Rechtsanwalt-Tip-Scheidungsrecht: Verschweigen eines nichtehelichen Kindes ist Eheaufhebungsgrund
15.06.2011, Autor: Herr Mathias Henke / Lesedauer ca. 3 Min. (3396 mal gelesen)
Das OLG Karlsruhe hat in einem jüngsten Urteil entschieden, dass das Verschweigen eines nichtehelichen Kindes aus erster Ehe nicht nur zur Scheidung berechtigt, sondern sogar die Aufhebung der Ehe zur Folge haben kann (OLG Karlsruhe 18 UF 8/10).
I. Allgemeines: Aufklärungspflicht über vormalige Ehen, Kinder aus erster Ehe oder nichteheliche Kinder
Das Eingehen der Ehe basiert auf gegenseitigem Vertrauen und verpflichtet angesichts der Erheblichkeit des Vorgangs beide Eheleute, sich auch über wesentliche persönliche Eigenschaften und wirtschaftliche Verhältnisse aufzuklären. Seit langem ist daher in der Rechtsprechung unumstritten, dass die Eheleute sich vor Eheschließung auch darüber aufklären müssen, ob zum Beispiel eine Ehegatte bereits schon einmal verheiratet war, ob Kinder aus erster Ehe vorhanden sind oder etwaig nichteheliche Kinder. Der jeweils andere neue Ehepartner hat zumeist bereits ein wirtschaftliches Interesse daran, zu erfahren, ob etwaig unterhaltspflichtige ehemalige Ehegatten oder Kinder vorhanden sind.

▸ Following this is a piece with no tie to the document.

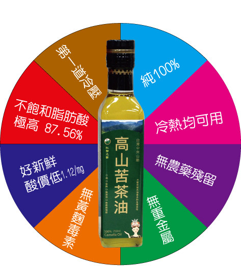 2.嚴選最上等高山原生苦茶籽,經採集日晒、去殼、低溫冷藏,維持每顆苦茶仁之新鮮度,並採低溫壓榨,取其鮮、甘、純之自然風味,含豐富天然營養素、茶多酚。油質穩定,低油煙,比進口橄欖油更優質,可用於煎、煮、炒、炸、拌麵(飯、菜)、沾食麵包(饅頭)及烘焙等烹調,或適量直接飲用。
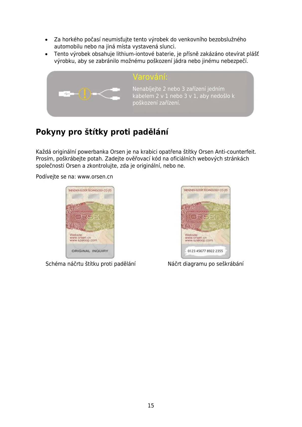 Každá originální powerbanka Orsen je na krabici opatřena štítky Orsen Anti-counterfeit.

II. Rechtslage bei mangelnder Aufklärung: Nicht nur Scheidung,sondern Aufhebung der Ehe möglich
Ein Verstoß gegen diese Informationspflicht führt nach ganz allgemeiner Meinung aber nicht nur dazu, dass der un- oder fehlinformierte Ehegatte die Scheidung beantragen kann, sondern er ist darüber hinaus auch berechtigt, wegen arglistiger Täuschung die Ehe nach § 1314 Abs. 2 Nr. 3, §§ 119, 123 BGB anzufechten mit der Folge, dass die gesamte Ehe von Anfang an als nichtig angesehen wird. Der Unterscheid ist nicht nur ein förmlicher: bei Aufhebng einer Ehe findet kein Versorgungsausgleich und auch kein Zugewinnausgelich statt, auch Schadensersatzansprüche gegen den Täuschenden sind durchaus möglich und denkbar.
III. So auch der konkrete Fall: Verschweigen eines nichtehelichen Kindes
Ein Mann hatte seine neue Ehefrau zwar darüber in Kenntnis gesetzt, dass er schon einmal verheiratet gewesen ist, dabei aber verschwiegen, dass er zusätzlich neben der ersten Ehe noch ein uneheliches Kind während dieser ersten Ehe mit einer anderen Frau gezeugt hatte.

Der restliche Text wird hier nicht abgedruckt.